Publication Date: 20260508
Application Date: 20251205

Claims (10)

1. A medical image tool enhancement processing method based on reflexive reinforcement learning is characterized by comprising the following steps: Constructing a multi-mode reasoning model, wherein the multi-mode reasoning model comprises an image encoder, a text encoder, a reasoning module, a tool interface module and an observation encoding unit; performing cold start supervision fine adjustment on the multi-mode reasoning model based on a cold start data set with tool call track labels; In the cold start monitoring fine tuning, an early error track and a later correct track which are generated by the same input at different training check points are collected, track pairs conforming to the characteristics of the reflexive thinking are constructed as reflexive training samples, and the reflexive thinking fine tuning is carried out on a multi-mode reasoning model after the cold start monitoring fine tuning based on the reflexive thinking training samples; after finishing the reflexive fine tuning, carrying out tool reinforcement learning training on the multi-mode reasoning model based on the reinforcement learning data set to obtain a trained multi-mode reasoning model; Acquiring a medical image to be processed and a corresponding natural language problem; inputting the medical image to be processed and the corresponding natural language problem into the trained multi-mode reasoning model to obtain the processing output comprising the natural language thinking generated by the model, the tool calling instruction, the observation information returned by the external tool and the final medical image analysis result.
2. The medical image tool enhancement processing method based on reflexive reinforcement learning according to claim 1, wherein the image encoder is a deep convolutional neural network for processing medical images to extract medical image features; the text encoder is used for carrying out word-level and sentence-level semantic coding on the natural language problem to obtain corresponding text semantic features; The reasoning module generates a network for the autoregressive sequence based on the large language model and is used for generating a reasoning path based on the medical image characteristics, the text semantic characteristics and the observation characteristics ; The tool interface module is an instruction analysis and tool scheduling unit and is used for analyzing tool calling instructions generated by the reasoning module and issuing calling requests to an external image analysis tool; the observation encoding unit is an observation processing network and is used for receiving the observation information returned by the external image analysis tool and encoding the observation information into observation characteristics which can be read by the reasoning module.
3. The medical image tool enhancement processing method based on reflexive reinforcement learning according to claim 2, wherein the reasoning path Expressed as: Wherein, the Thinking about the content for the natural language generated in the n-th step, An instruction is invoked for the tool generated in step n, In order to obtain the observation characteristics corresponding to the observation results returned by the external image analysis tool according to the tool call instruction, the reasoning module is based on the current input medical image I, the problem Q and the previous step when the nth step is reasoning The step reasoning history autonomously decides to output the next natural language thinking With tool call instructions Expressed as: Wherein, the Before representation The history of the reasoning of the steps, A mapping function representing an inference module; the inference module gradually updates the inference path through a thinking-tool call-observe loop mechanism until in the termination step The generation of the determined answer or the reaching of a preset upper limit of the length of the context or the upper limit of the number of interaction rounds.

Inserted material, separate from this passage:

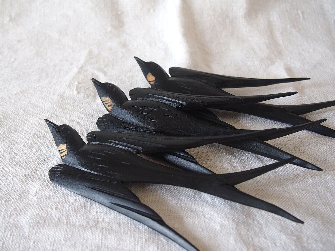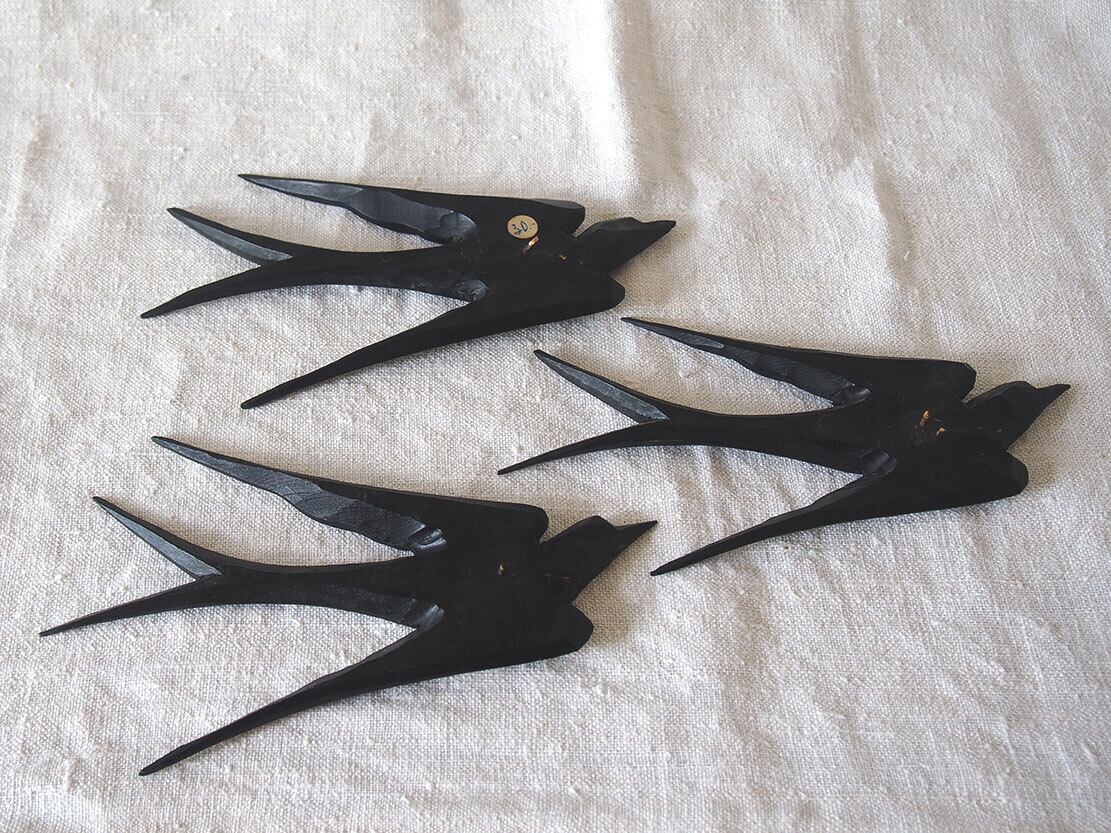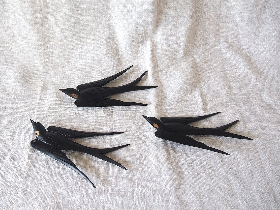木彫りのツバメ 壁飾り オーナメント3羽 燕 ヨーロッパ シャビーシック 渡り鳥 小鳥 欧州 蚤の市 ヴィンテージ/K418

4. The medical image tool enhancement processing method based on reflexive reinforcement learning according to claim 2, wherein the external image analysis tool comprises a first image processing tool, a second image processing tool and a third image processing tool; The first image processing tool is an image segmentation tool based on position prompt and is used for receiving a target area boundary box provided by the multi-mode reasoning model as a fine segmentation mask for inputting and outputting a target object; The second image processing tool is an image segmentation tool based on semantic description, and is used for receiving images and text prompts as input and outputting segmentation masks of corresponding target areas, so that the target area positioning can be completed without explicit prediction of a boundary box by a model; The third image processing tool is an image local enlarging tool, and is used for receiving an image and a boundary box or a segmentation mask as input, outputting an enlarged image of a corresponding area when the input is the boundary box, outputting the enlarged image when the input is the segmentation mask, and explicitly drawing a target contour in the image to highlight focus morphological characteristics.

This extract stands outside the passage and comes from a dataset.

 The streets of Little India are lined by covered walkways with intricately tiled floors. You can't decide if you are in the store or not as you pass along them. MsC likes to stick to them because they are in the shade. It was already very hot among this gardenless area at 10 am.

5. The method for enhancing a medical image tool based on reflexive reinforcement learning according to claim 1, wherein the cold start data set comprises a plurality of samples, each sample comprises a medical image to be processed, a corresponding natural language question, a real answer and an inference path with tool call trajectory labels, wherein the tool call trajectory labels record natural language thinking, tool call instructions and observation results returned by the corresponding tools generated in each step of inference.
6. The medical image tool enhancement processing method based on reflexive reinforcement learning according to claim 1, wherein the performing cold start supervised fine tuning on the multi-modal inference model based on a cold start dataset with tool call trajectory labeling specifically comprises: For each sample in the cold start data set, inputting the medical image, natural language problem and corresponding labeling reasoning path in the sample Multimode reasoning model, and reasoning path generated by model With marked paths Gradually comparing, and thinking according to natural language generated in each step With tool call instructions And annotating content And Calculating a cold start supervisory loss function, the formula being: Wherein, the Thinking about the content for the natural language generated in the n-th step, An instruction is invoked for the tool generated in step n, The observation result returned by the corresponding tool calling instruction in the labeling path is obtained; representing the total number of token of natural language thinking and tool calling instructions in an inference path generated by the model; Representing n-th step natural language thinking Token number of (2); Representing nth step tool call instructions Token number of (2); Representing the total number of steps of the inference path; Representing a desire to take all samples in the cold start dataset; representing the generation of natural language thinking in an nth step model With tool call instructions By reasoning modules of the multimodal reasoning model by a model based on medical image features, text semantic features and precursors Calculating and obtaining an autoregressive sequence generation mode of the step observation characteristics; representing an inference history generated by the model before the nth step; the true answer of the sample; supervising the loss function for cold start; Supervision of loss functions by minimizing cold starts And the cold start supervision fine adjustment of the multi-mode reasoning model is realized.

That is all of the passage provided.